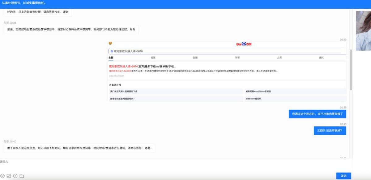 本人7月18号在网站注册到新葡京娱乐,充值两次,第一次输完,第二次充值赢三千来块,提款一直未到帐,询问客服一直是正在审核中,问客服需要配合什么,还是我到底那里违规,还是回答审核中。现在菠菜连一千都要黑吗,通过客服,知道此公司在菲律宾,请大家避坑。这是哪家傻逼公司,做百度推广,我以为起码有点格局,狗庄是真的黑啊
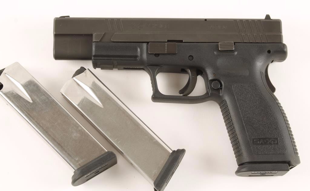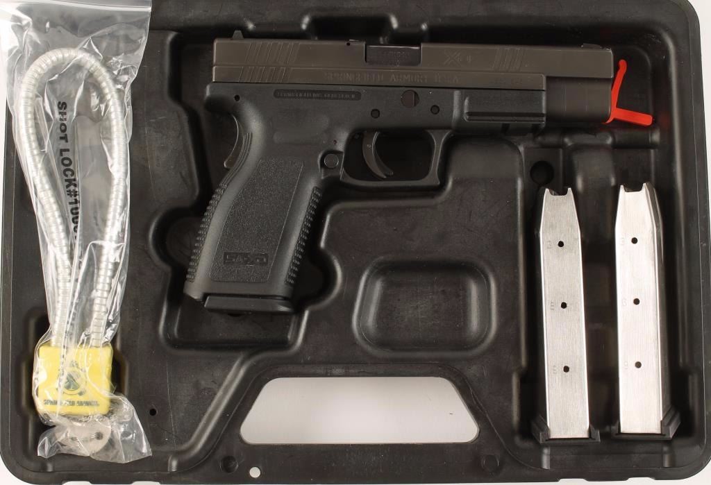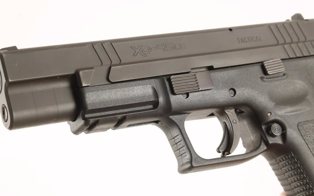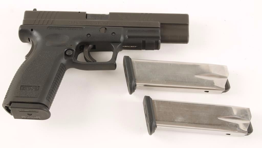 Single action semi-automatic tactical pistol chambered in .45 Glock Automatic Pistol. Features a 5" barrel, three dot sights, matte blued serrated slide, ambidextrous magazine release, nine round magazine, grip safety, trigger safety and black polymer frame with picatinney rail, ambidextrous thumb rest and stippled grip frame. Includes original factory case, lock, brush, documents and two extra magazines. Finish shows wear to top of chamber/barrel and slight edge wear near muzzle but is otherwise flawless. Bore is excellent, and action is very good. Condition is near excellent. ***Modern Firearm***
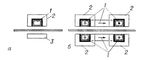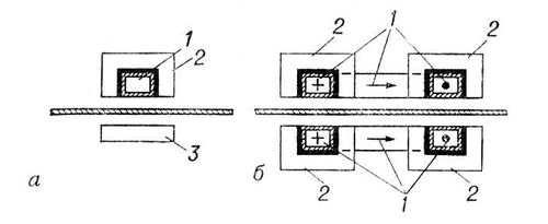 Рис. 4. Схема индукторов для нагрева листового материала в поперечном магнитном поле при размещении индуктирующего провода: а — с одной стороны нагреваемого листа; б — с обеих сторон нагреваемого листа; 1 — индуктирующий провод; 2 — магнитопровод; 3 — ярмо магнитопровода.
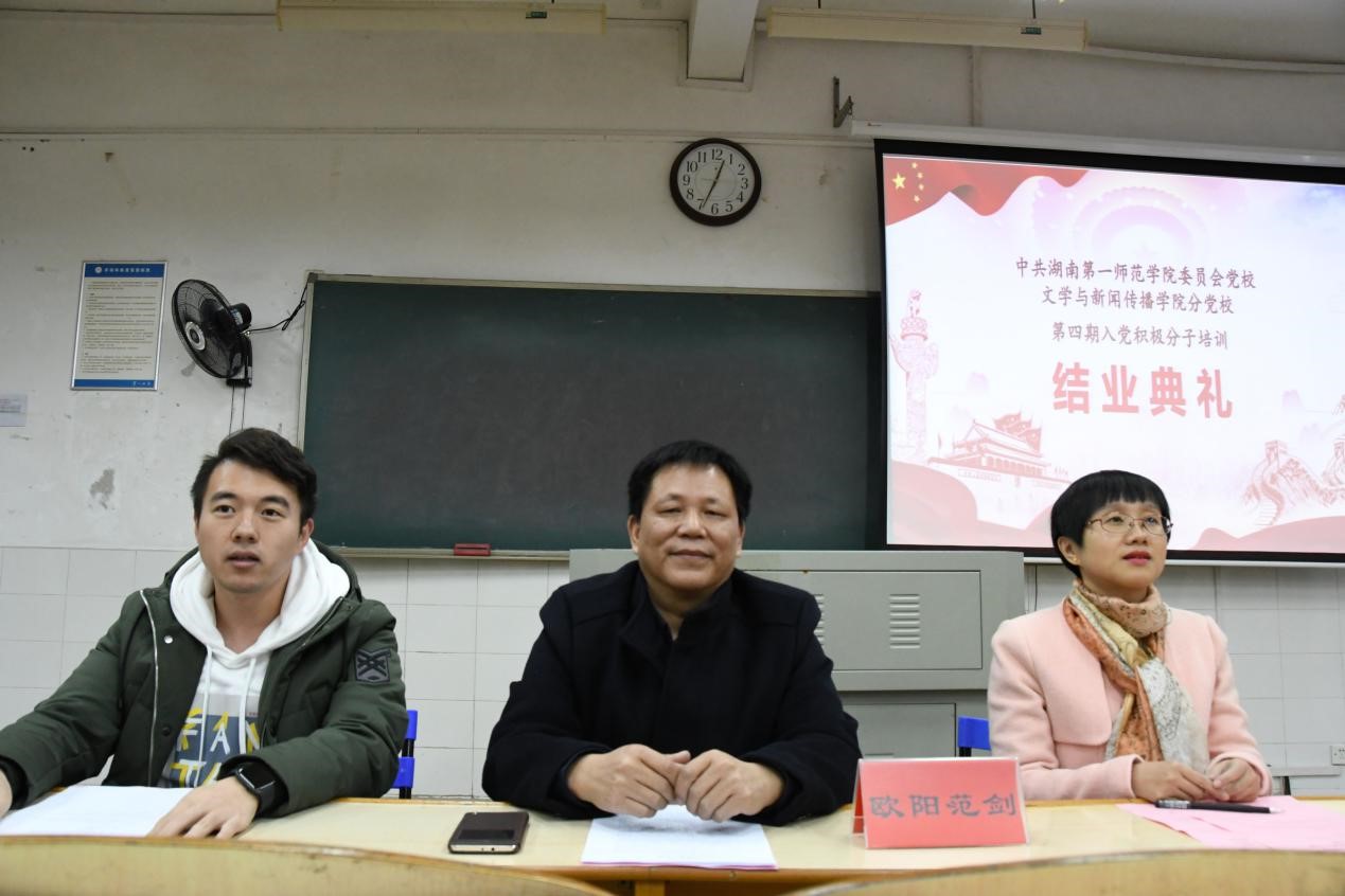 2019年11月27日中午12:30,我院分党校第四期入党积极分子培训结业典礼暨优秀学员颁奖典礼于玉衡楼206隆重举行,我院分党校副校长、党总支副书记欧阳范剑,我院学生党支部书记唐科、安炜成以及全体入党积极分子参加了此次典礼,典礼由欧阳范剑副书记主持。
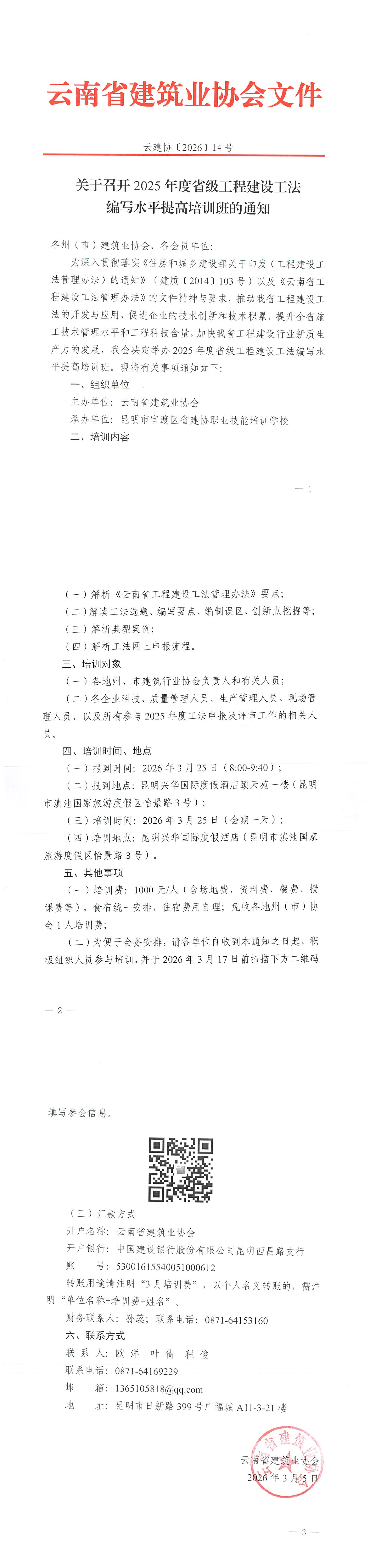 云建协〔2026〕14号关于召开2025年度省级工程建设工法编写水平提高培训班的通知
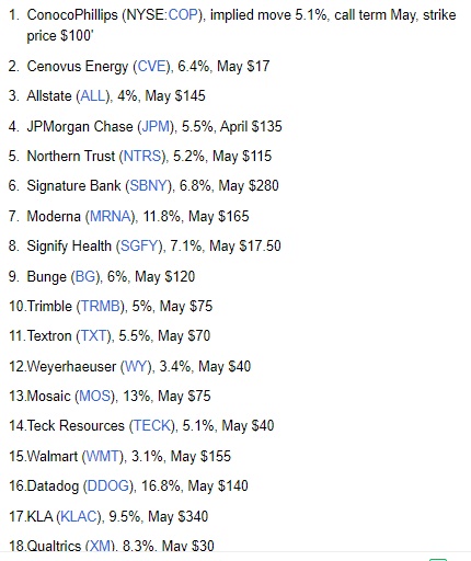 Marshall的团队参考了高盛股票分析师的最新预测数据和定性评论,找出了25个可能与当前财报季的市场普遍预期不符合(高于或者低于预期),并预计股价将出现波动的美股。其中,选择期权的月度到期日最接近于看涨期权或看跌期权的首个月到期日。

++++

> What the exercise asks
Apart from the pictures, repeat the data above exactly.

> The answer
 本人7月18号在网站注册到新葡京娱乐,充值两次,第一次输完,第二次充值赢三千来块,提款一直未到帐,询问客服一直是正在审核中,问客服需要配合什么,还是我到底那里违规,还是回答审核中。现在菠菜连一千都要黑吗,通过客服,知道此公司在菲律宾,请大家避坑。这是哪家傻逼公司,做百度推广,我以为起码有点格局,狗庄是真的黑啊
 Single action semi-automatic tactical pistol chambered in .45 Glock Automatic Pistol. Features a 5" barrel, three dot sights, matte blued serrated slide, ambidextrous magazine release, nine round magazine, grip safety, trigger safety and black polymer frame with picatinney rail, ambidextrous thumb rest and stippled grip frame. Includes original factory case, lock, brush, documents and two extra magazines. Finish shows wear to top of chamber/barrel and slight edge wear near muzzle but is otherwise flawless. Bore is excellent, and action is very good. Condition is near excellent. ***Modern Firearm***
 Рис. 4. Схема индукторов для нагрева листового материала в поперечном магнитном поле при размещении индуктирующего провода: а — с одной стороны нагреваемого листа; б — с обеих сторон нагреваемого листа; 1 — индуктирующий провод; 2 — магнитопровод; 3 — ярмо магнитопровода.
 2019年11月27日中午12:30,我院分党校第四期入党积极分子培训结业典礼暨优秀学员颁奖典礼于玉衡楼206隆重举行,我院分党校副校长、党总支副书记欧阳范剑,我院学生党支部书记唐科、安炜成以及全体入党积极分子参加了此次典礼,典礼由欧阳范剑副书记主持。
 云建协〔2026〕14号关于召开2025年度省级工程建设工法编写水平提高培训班的通知
 Marshall的团队参考了高盛股票分析师的最新预测数据和定性评论,找出了25个可能与当前财报季的市场普遍预期不符合(高于或者低于预期),并预计股价将出现波动的美股。其中,选择期权的月度到期日最接近于看涨期权或看跌期权的首个月到期日。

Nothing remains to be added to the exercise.